Forecasting with ARIMA

Valentina Djordjevic Technology 9 Comments

One of the most challenging machine learning problems is predicting some output based on the history of its previous values. The complexity of the problem multiplies as new features and constraints are added to analysis. Thus, in time series analysis it is not always enough to use previous values only, there often are many features that could impact on the output which should be predicted. There are numerous models and algorithms developed for this kind of problem. In this article, and series of articles that follows, several models, such as ARIMA, VAR and  Facebook Prophet, will be introduced and finally compared to see which one is best suitable for different kinds of problems.

ARIMA stands for autoregressive integrated moving average model, which produces forecasts based upon prior values in the time series (AR terms) and the errors made by previous predictions (MA terms), with possibility to work with non-stationary data, since it allows us to initially differentiate data to eliminate the non-stationarity (I term).

PyFlux library offers a very good implementation of ARIMA model in Python. It has useful documentation, followed by examples and it is very easy to use. To run  this model, we need to determine the optimal value for each of the parameters this function takes – AR, MA and I terms.

Problem definition

Data used for analysis include 125 instances, historical values, gathered during time period January-May 2017. Data take values mostly between 20-40, with deviation of +-15, which depends on the object that is observed. The problem is to predict the output for a given interval, based on these historical data. This is how our data look like.

Data plotted

Three things that should be investigated before running a model are time series stationarity, trend and seasonality, since each of them could negatively affect results obtained. That will tell us if we should differentiate data before training.

A rough conclusion that data is not stationary could be made by simply looking at the plot, but there is a little more elegant solution, which allows us to exactly determine if data is stationary – a Dickey-Fuller test, which has its implementation in StatsModels library. Here’s one example of how it can be used, taken from here.

These are results of a DF test applied to our data.

DF stationarity test 1

The test statistics is higher than the critical value, which leads to a conclusion that we cannot accept the null hypothesis of data stationarity.

The most popular technique used to make data stationary and eliminate trend and seasonality is differentiating.

ARIMA function in PyFlux library has a parameter that is used to set number of differencing order. In most cases, first order of differencing will do the job, but sometimes it is needed to differentiate data several times.

There are enough guidelines on how to determine the order of differencing and there is an excellent post that summarizes rules for identifying a proper ARIMA model, and set its parameters (https://people.duke.edu/~rnau/arimrule.htm ).

So, our data now look like this.

Differenced data

After re-running a stationarity test on differentiated data, we can see the following results.

DF stationarity test 2

A test statistics is now less than the critical value of 5% confidence interval, and we can adopt the null hypothesis that data is stationary.

Looks decent, so we could continue with analysis and run a model.

Set up parameters

The trickiest part of running an ARIMA model is determining the optimal number for AR and MA terms. There are two additional functions that can be used to solve this problem: ACF (autocorrelation function) and PACF (partial autocorrelation function). Their implementation can also be found in StatsModels library. Basically, both are used to determine how past and future data points are related in a time series, where the ACF function measures the correlation between two successive points, and the PACF tries to remove the transitive dependency between points (if a depends on b, and b depends on c, than a depends on c.)

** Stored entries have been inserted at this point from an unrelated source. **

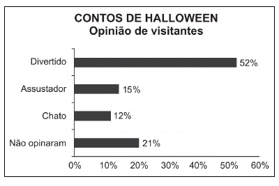 Sabendo que nenhum visitante votou mais de uma vez, a probabilidade de uma pessoa escolhida ao acaso entre as que opinaram ter assinalado que o conto “Contos de Halloween” é “Chato” é mais aproximada por
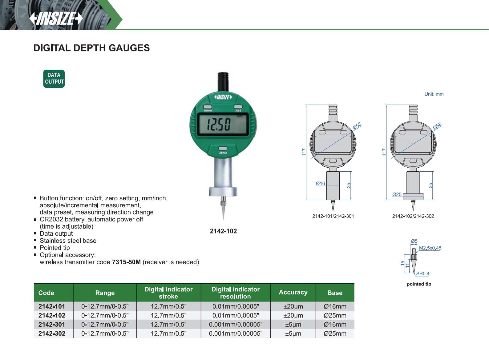 | 2142-102 | 0-12.7mm/0-0.5" | ±20µm | 0.01mm/0.0005" | with data interface |
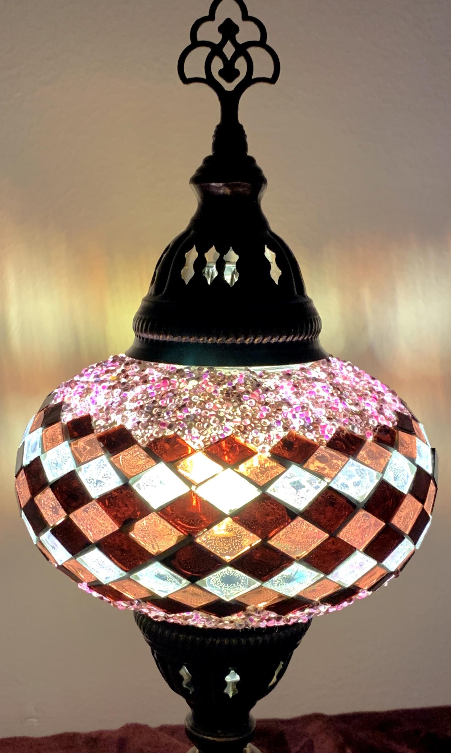 M-34 Käsityönä valmistettu mosaiikki pöytälamppu.metalliosa valmistettu messingistä, ei sisällä hehkulamppua E14 Korkeus: 40 cm Leveys: 17 cm Paino: 900 gr
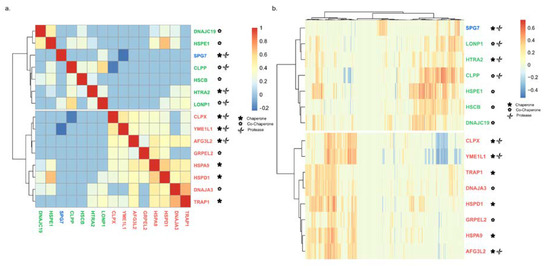 We noted that the two major groups in our hierarchical clustering (Figure 4a) are similar in composition to the network modules HSPD1 and HSPE1 that were obtained through the co-expression analysis of chaperones with 1142 transcripts (Figure 2). Yet, SPG7 was clustered differently from its position in the network module. We wondered to what extent the chaperone–chaperone co-expression hierarchical clustering is maintained in chaperone–client co-expression hierarchical clustering (Figure 4b). In accord with our chaperone–chaperone co-expression analysis (Figure 4a), we found that the chaperones are separated into two similar major groups (Figure 4b). Therefore, we conclude that the information found in the chaperone–chaperone co-expression network is sufficient to generate the two major groups obtained using chaperone–client co-expression analysis.
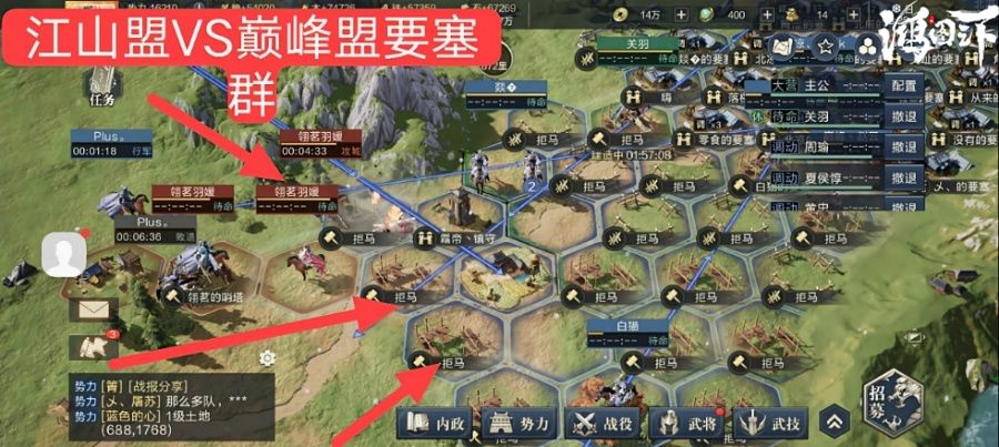 2021年1月15日07:00开始,巅峰死战军在前,送死之势铁头往白玉、江山两边直撞,拆迁盟友随后,一同接替夜班,扩大要塞拒马阵优势。“两班倒模式“一转“河内”要塞群局势。在强势猛攻下,白玉、江山主力没有持续增援,一退再退,士气已崩。

Autocorrelation function can be used to determine the optimal number for MA terms by the following rule: the lag value where the ACF chart crosses the upper confidence interval for the first time is the recommended value for MA parameter. In this case, it is 29.

Autocorrelation function

Partial autocorrelation function is used to determine the optimal value for AR parameter in ARIMA function (the same rule as previous is used).

Partial autocorrekation function

The optimal value for AR parameter is 2.

Since we have optimal parameter values, we are able to run a model. One additional parameter that could be set is a distribution family of the time series – by default it is Normal but other options include Student-t, Laplace, Cauchy, etc.

Running a model


model = ARIMA(data=working_data, ar=2, ma=29, integ=1, target=’output’, family=pf.Normal())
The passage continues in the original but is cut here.